*TRY IT:* Of all the entries below, retype only the lines from the one with "De Klausberg stoompan" through the one with "MILAN, ITALY - SEPT", exactly as they appear.

*DATASET:*
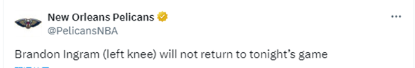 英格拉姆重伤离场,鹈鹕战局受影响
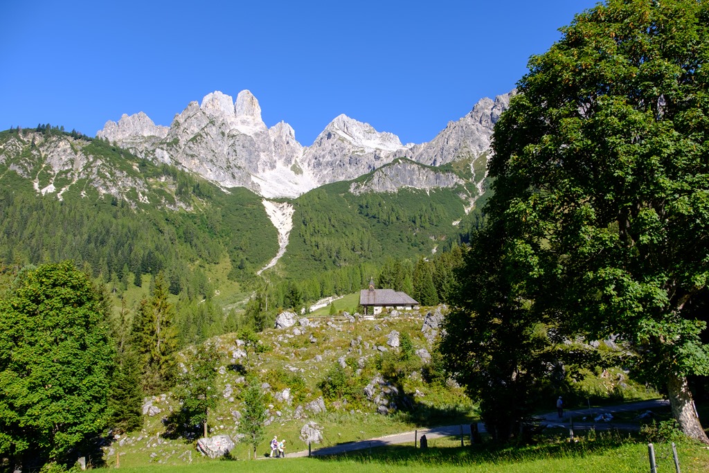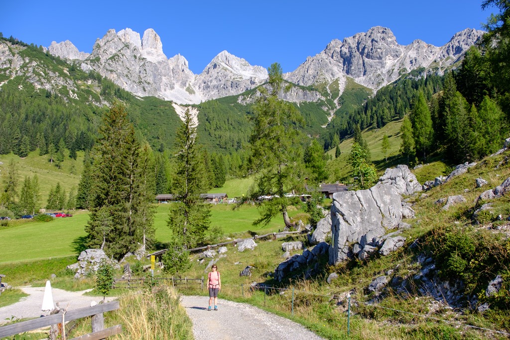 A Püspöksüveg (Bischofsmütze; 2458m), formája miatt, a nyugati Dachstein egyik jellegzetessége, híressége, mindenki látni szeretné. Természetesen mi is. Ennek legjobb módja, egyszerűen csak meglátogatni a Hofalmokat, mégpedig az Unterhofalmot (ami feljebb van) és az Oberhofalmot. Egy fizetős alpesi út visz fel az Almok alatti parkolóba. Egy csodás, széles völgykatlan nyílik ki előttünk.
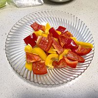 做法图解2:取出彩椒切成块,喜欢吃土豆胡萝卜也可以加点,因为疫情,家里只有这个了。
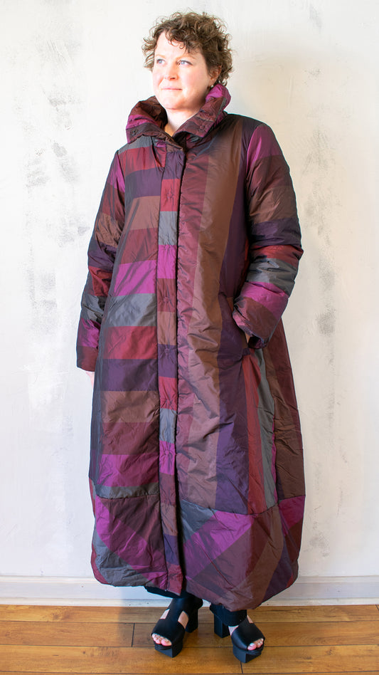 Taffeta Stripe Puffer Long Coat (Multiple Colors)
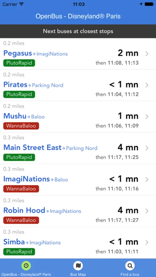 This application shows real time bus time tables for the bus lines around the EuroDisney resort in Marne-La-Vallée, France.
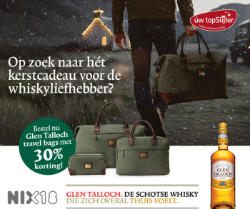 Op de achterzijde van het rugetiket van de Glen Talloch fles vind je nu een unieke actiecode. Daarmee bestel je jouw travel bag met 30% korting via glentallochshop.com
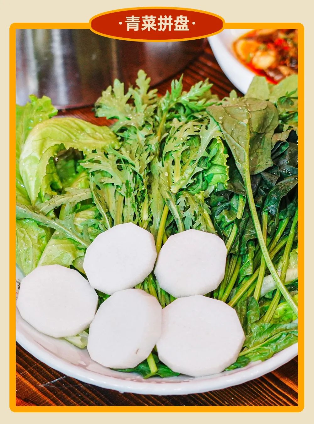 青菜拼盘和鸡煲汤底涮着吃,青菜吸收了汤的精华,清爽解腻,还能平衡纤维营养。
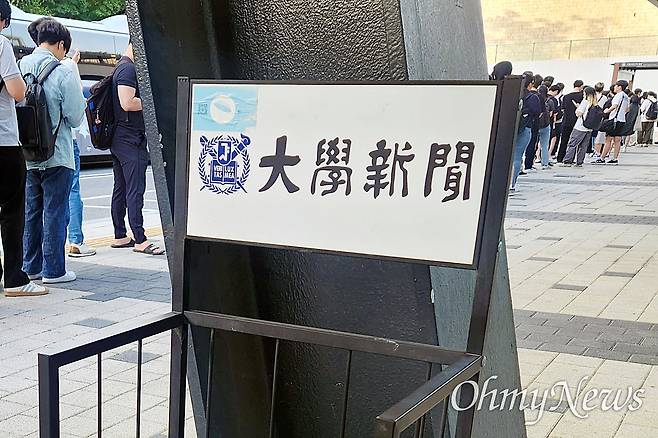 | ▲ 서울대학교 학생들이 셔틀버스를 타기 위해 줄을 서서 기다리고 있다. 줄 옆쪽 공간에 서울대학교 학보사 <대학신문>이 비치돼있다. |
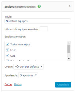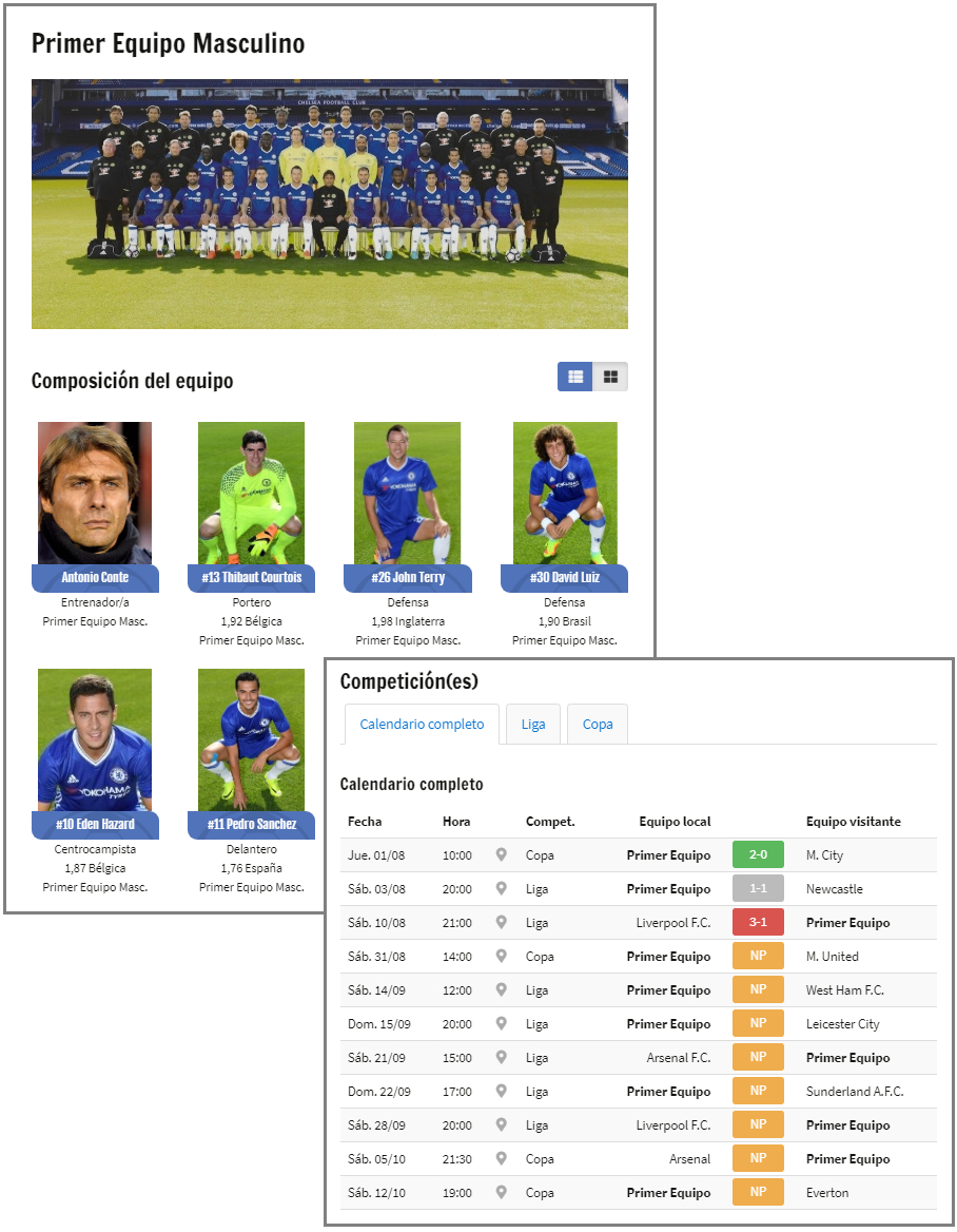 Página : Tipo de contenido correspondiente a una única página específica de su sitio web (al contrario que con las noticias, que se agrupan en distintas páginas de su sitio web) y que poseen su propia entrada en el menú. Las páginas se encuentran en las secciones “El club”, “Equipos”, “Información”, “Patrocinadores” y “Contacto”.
---
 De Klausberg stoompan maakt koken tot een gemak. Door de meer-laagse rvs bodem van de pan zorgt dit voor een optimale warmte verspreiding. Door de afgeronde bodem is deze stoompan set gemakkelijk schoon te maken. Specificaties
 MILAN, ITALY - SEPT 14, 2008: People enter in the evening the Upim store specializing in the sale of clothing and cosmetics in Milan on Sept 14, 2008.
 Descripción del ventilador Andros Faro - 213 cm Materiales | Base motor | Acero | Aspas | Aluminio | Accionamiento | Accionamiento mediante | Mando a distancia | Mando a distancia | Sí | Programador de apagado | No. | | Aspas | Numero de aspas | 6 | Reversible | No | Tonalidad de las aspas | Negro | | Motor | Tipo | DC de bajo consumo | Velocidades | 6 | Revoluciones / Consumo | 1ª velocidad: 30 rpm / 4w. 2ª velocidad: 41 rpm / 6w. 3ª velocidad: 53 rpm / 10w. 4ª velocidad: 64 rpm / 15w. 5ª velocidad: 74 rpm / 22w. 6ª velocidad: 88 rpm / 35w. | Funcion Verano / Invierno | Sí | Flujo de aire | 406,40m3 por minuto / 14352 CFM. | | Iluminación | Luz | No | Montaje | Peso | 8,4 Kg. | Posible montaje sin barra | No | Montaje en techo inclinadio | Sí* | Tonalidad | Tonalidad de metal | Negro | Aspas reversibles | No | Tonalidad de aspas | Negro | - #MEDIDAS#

*SOLUTION TO THIS TASK:*
 De Klausberg stoompan maakt koken tot een gemak. Door de meer-laagse rvs bodem van de pan zorgt dit voor een optimale warmte verspreiding. Door de afgeronde bodem is deze stoompan set gemakkelijk schoon te maken. Specificaties
 MILAN, ITALY - SEPT 14, 2008: People enter in the evening the Upim store specializing in the sale of clothing and cosmetics in Milan on Sept 14, 2008.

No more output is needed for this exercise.